Quarter Ended Six-month Period
June 30, Ended June 30,
--------------- ----------------
1999 1998 1999 1998
------ ------ ------- ------
Net income to:
Average assets 0.70% 0.78% 0.69% 0.73%
Average interest-earning assets 0.79 0.87 0.79 0.82
Average stockholders' equity 10.22 9.79 10.22 9.26
Dividend payout (1) to:
Net income 17.36 19.15 17.50 20.35
Average stockholders' equity 1.77 1.87 1.79 1.88
Average stockholders' equity to:
Average total assets 6.80 7.98 6.77 7.92
Average loans (2) 13.47 15.21 13.42 15.06
Average total deposits 7.64 8.72 7.60 8.65
Average interest-earning assets to:
Average total assets 87.89 89.78 87.66 89.52
Average total deposits 98.72 98.16 98.42 97.81
Average total liabilities 98.09 97.56 97.79 97.22
Ratio to total average deposits of:
Average loans (2) 56.70 57.35 56.68 57.44
Average noninterest-bearing
deposits 18.08 18.03 17.77 17.70
Average interest-bearing
deposits 81.92 81.97 82.23 82.30
Total interest expense to total
interest income 40.66 45.90 41.33 46.48
Efficiency ratio (3) 65.47 68.15 65.67 68.17
_________________________
(1) Dividends on Common Stock only.
(2) Before allowance for possible loan losses.

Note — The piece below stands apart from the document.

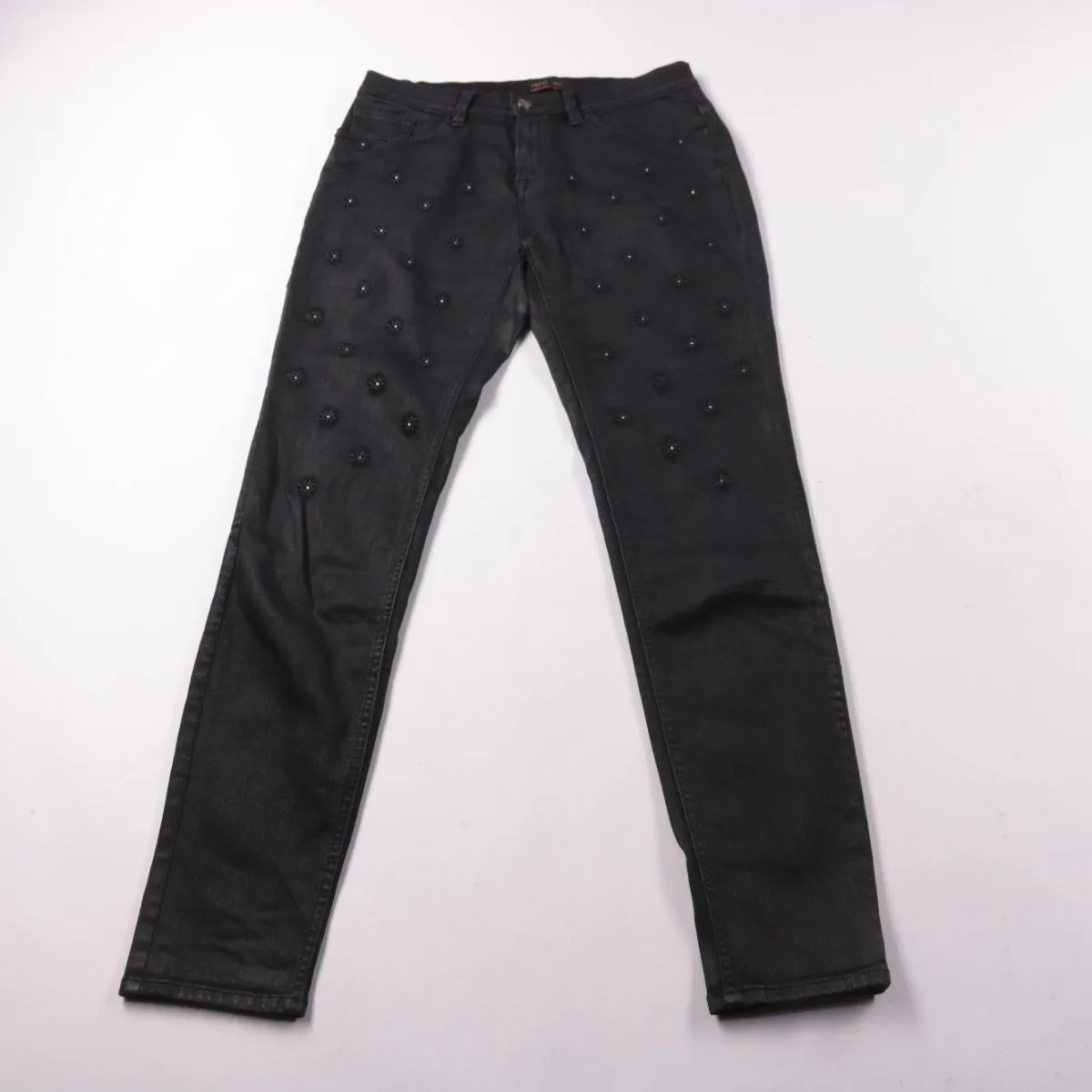 Чёрные женские джинсы с декоративными заклёпками/бусинами спереди. Подойдут для повседневных образов и вечерних выходов с обувью на каблуке или кедами. Практичный плюс — плотный деним хорошо держит форму.

(3) Calculated as a noninterest expense less distributions on
guaranteed preferred beneficial interests in the Company's
subordinated debentures, amortization of intangibles and expenses
related to other real estate and other repossessed assets divided
by the sum of net interest income before provision for loan losses
and total noninterest income, excluding securities gains and
losses.
LIQUIDITY
The Bank
Liquidity with respect to a financial institution is the
ability to meet its short-term needs for cash without suffering an
unfavorable impact on its on-going operations. The need for the
Bank to maintain funds on hand arises principally from maturities
of short-term borrowings, deposit withdrawals, customers' borrowing
needs and the maintenance of reserve requirements. Liquidity with
respect to a financial institution can be met from either assets or
liabilities. On the asset side, the primary sources of liquidity
are cash and due from banks, federal funds sold, maturities of
securities and scheduled repayments and maturities of loans. The
Bank maintains adequate levels of cash and near-cash investments to
meet its day-to-day needs. Cash and due from banks averaged
$18,804,000 and $19,537,000 during the second quarter and first six
months of 1999, respectively, and $13,309,000 and $13,664,000
during the second quarter and first six months of 1998,
respectively. These amounts comprised 5.2% and 5.4% of average
total assets during the second quarter and first six months of
1999, respectively, and 5.0% and 5.1% of average total assets
during the second quarter and first six months of 1998,
respectively. The average level of securities and federal funds
sold was $135,172,000 and $135,066,000 during the second quarter
and first six months of 1999, respectively, and $99,273,000 and
$98,091,000 during the second quarter and first six months of 1998,
respectively. The increases in average balances from of 1998 to 1999 was
primarily due to the acquisition of Azle State in September 1998.
-24-
<PAGE>
There were no sales of securities during the quarters or six-
month periods ended June 30, 1999 and 1998. At June 30, 1999,
$21,111,000, or 20.8%, of the Company's securities portfolio,
excluding mortgage-backed securities, matured within one year and
$71,288,000, or 70.2%, excluding mortgage-backed securities,
matured after one but within five years. The Bank's commercial and
real estate lending activities are concentrated in loans with
maturities of less than five years with both fixed and adjustable
interest rates, while its installment lending activities are
concentrated in loans with maturities of three to five years and
primarily with fixed interest rates. The Bank's experience,
however, has been that these installment loans are paid off in an
average of approximately thirty months. At June 30, 1999,
approximately $80,363,000, or 44.0%, of the Company's loans, net of
unearned income, matured within one year and/or had adjustable
interest rates. Approximately $69,083,000, or 54.2.%, of the
Company's loans (excluding loans to individuals) matured within one
year and/or had adjustable interest rates. See "Analysis of
Financial Condition-Loan Portfolio" above.-
On the liability side, the principal sources of liquidity are
deposits, borrowed funds and the accessibility to money and capital
markets. Customer deposits are by far the largest source of funds.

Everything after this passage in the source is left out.